** Opening GIVEN INFORMATION block **

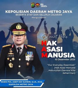 INSKA NEWS,Jakarta – Kepolisian Daerah Metro Jaya beserta seluruh staf dan jajaran menyampaikan ucapan selamat memperingati Hari Hak Asasi Manusia (HAM) Sedunia, yang diperingati setiap
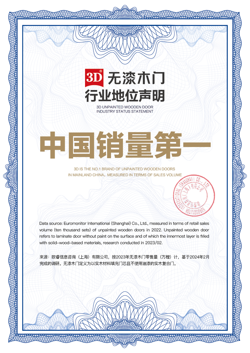 欧睿国际认为,全国销量第一的认证表明了消费者对3D无漆木门品牌的信赖与支持。
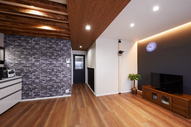 家の間取りを反転させ、リビングを家の北側から南側へ間取り変更しました。明るくなったリビングには造作梁やアクセントクロスを取り入れ、こだわりの空間に仕上げました。

** Closing GIVEN INFORMATION block **

* WHAT IS REQUIRED
Could you write out verbatim only those lines that run from the line containing "欧睿国际认为,全国销量第一的认证表明了消费者对3D无漆木门品牌的信赖与支持。" through the end of the listing above, both included, without the pictures?

* ANSWER TO THE PROBLEM
 欧睿国际认为,全国销量第一的认证表明了消费者对3D无漆木门品牌的信赖与支持。
 家の間取りを反転させ、リビングを家の北側から南側へ間取り変更しました。明るくなったリビングには造作梁やアクセントクロスを取り入れ、こだわりの空間に仕上げました。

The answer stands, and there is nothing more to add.